Start of Block

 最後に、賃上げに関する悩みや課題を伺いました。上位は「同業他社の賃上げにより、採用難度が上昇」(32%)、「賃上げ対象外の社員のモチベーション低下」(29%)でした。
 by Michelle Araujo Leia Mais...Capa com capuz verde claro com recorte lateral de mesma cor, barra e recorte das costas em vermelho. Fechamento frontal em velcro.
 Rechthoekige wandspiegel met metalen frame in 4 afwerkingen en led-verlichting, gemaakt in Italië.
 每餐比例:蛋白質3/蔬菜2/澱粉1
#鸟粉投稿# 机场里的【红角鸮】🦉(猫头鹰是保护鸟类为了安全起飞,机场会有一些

End of Block
Start of Block

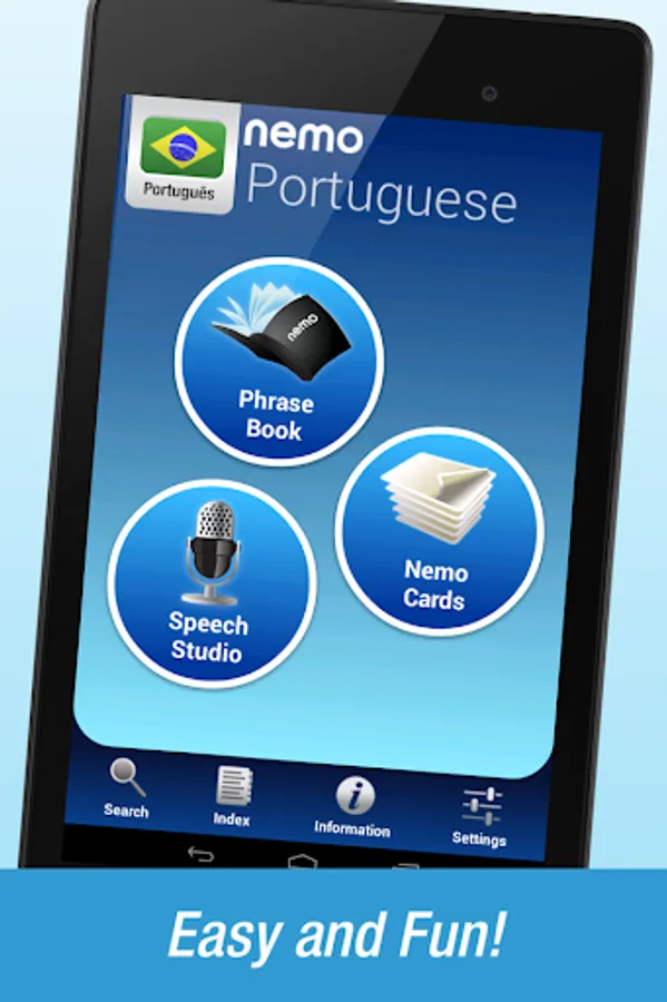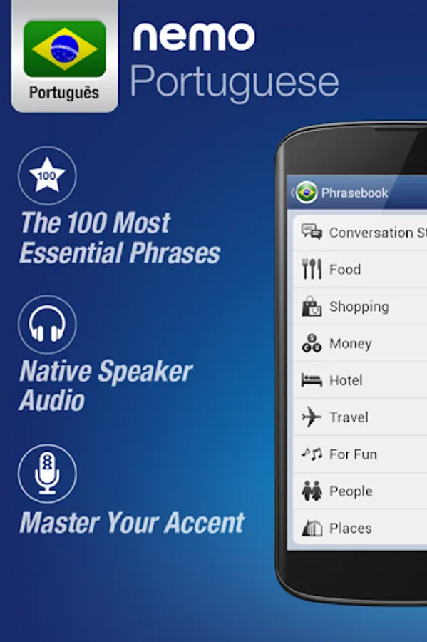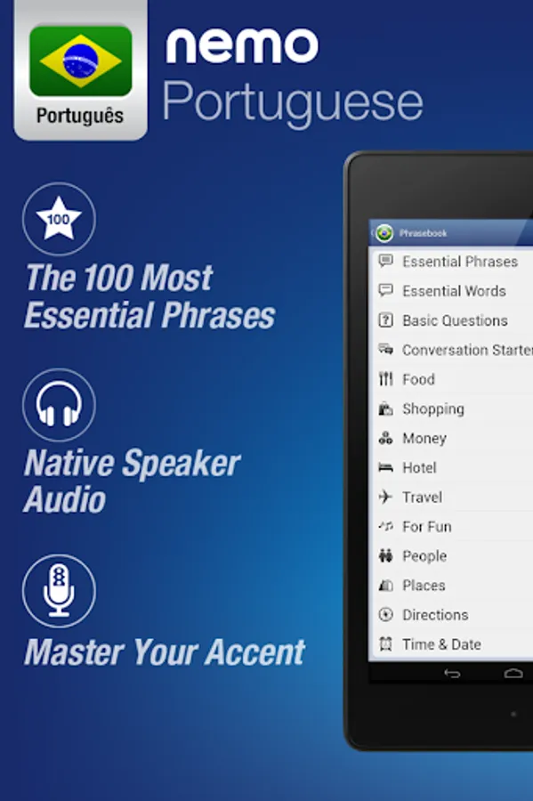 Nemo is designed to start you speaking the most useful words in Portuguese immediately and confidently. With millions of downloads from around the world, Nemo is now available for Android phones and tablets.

End of Block
Start of Block

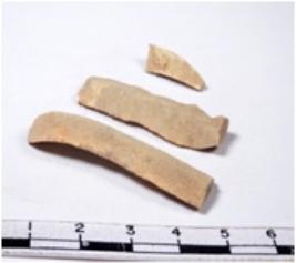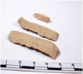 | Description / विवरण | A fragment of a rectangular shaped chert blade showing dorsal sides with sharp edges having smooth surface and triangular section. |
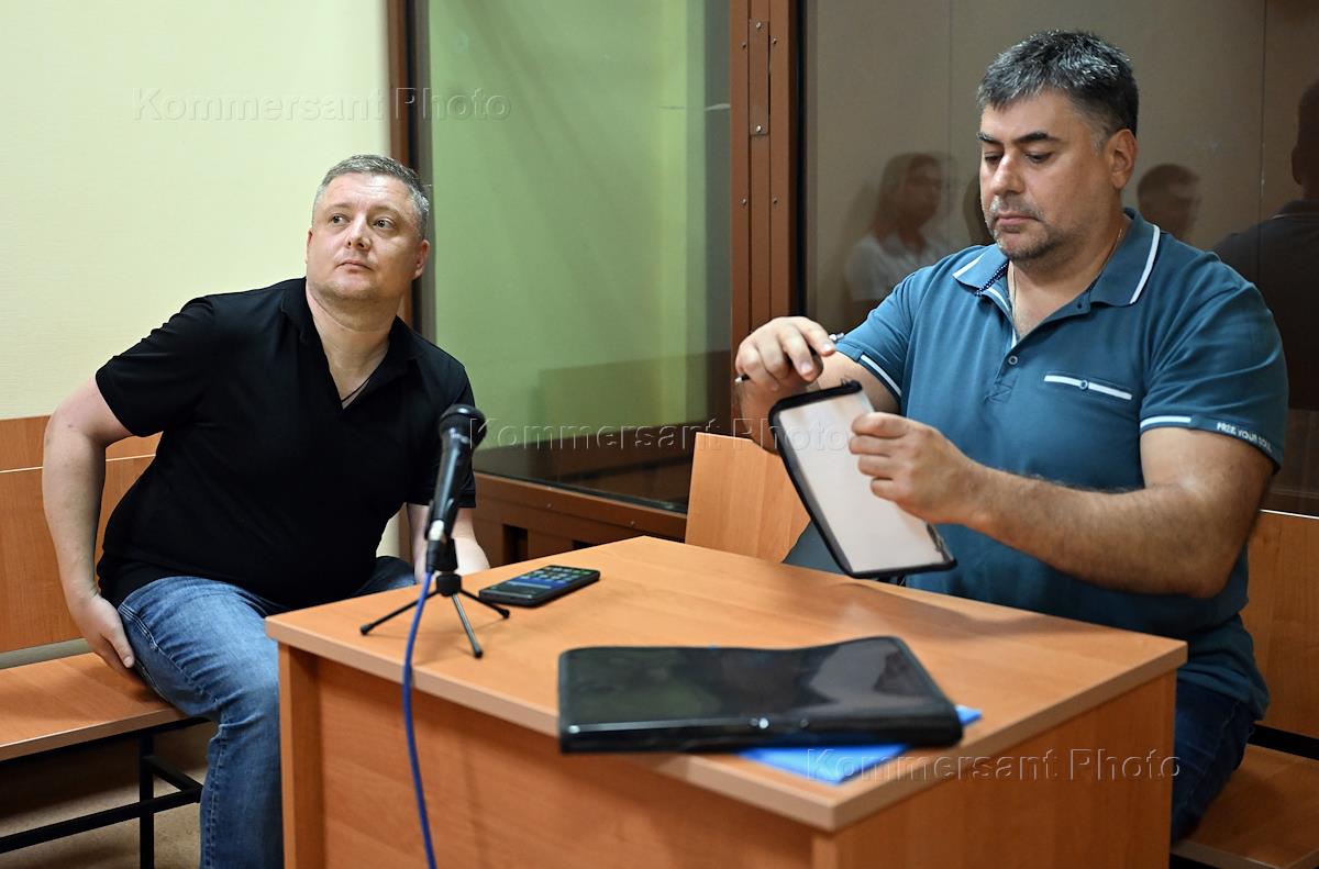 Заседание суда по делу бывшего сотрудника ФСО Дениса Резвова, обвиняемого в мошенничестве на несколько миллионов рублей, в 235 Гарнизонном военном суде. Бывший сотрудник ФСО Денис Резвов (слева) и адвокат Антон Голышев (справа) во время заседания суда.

End of Block

EXERCISE: Take the entries above and return only the lines from the one with "最後に、賃上げに関する悩みや" to the one with "Rechthoekige wandspiegel met", both included, unchanged.

EXPECTED ANSWER:
 最後に、賃上げに関する悩みや課題を伺いました。上位は「同業他社の賃上げにより、採用難度が上昇」(32%)、「賃上げ対象外の社員のモチベーション低下」(29%)でした。
 by Michelle Araujo Leia Mais...Capa com capuz verde claro com recorte lateral de mesma cor, barra e recorte das costas em vermelho. Fechamento frontal em velcro.
 Rechthoekige wandspiegel met metalen frame in 4 afwerkingen en led-verlichting, gemaakt in Italië.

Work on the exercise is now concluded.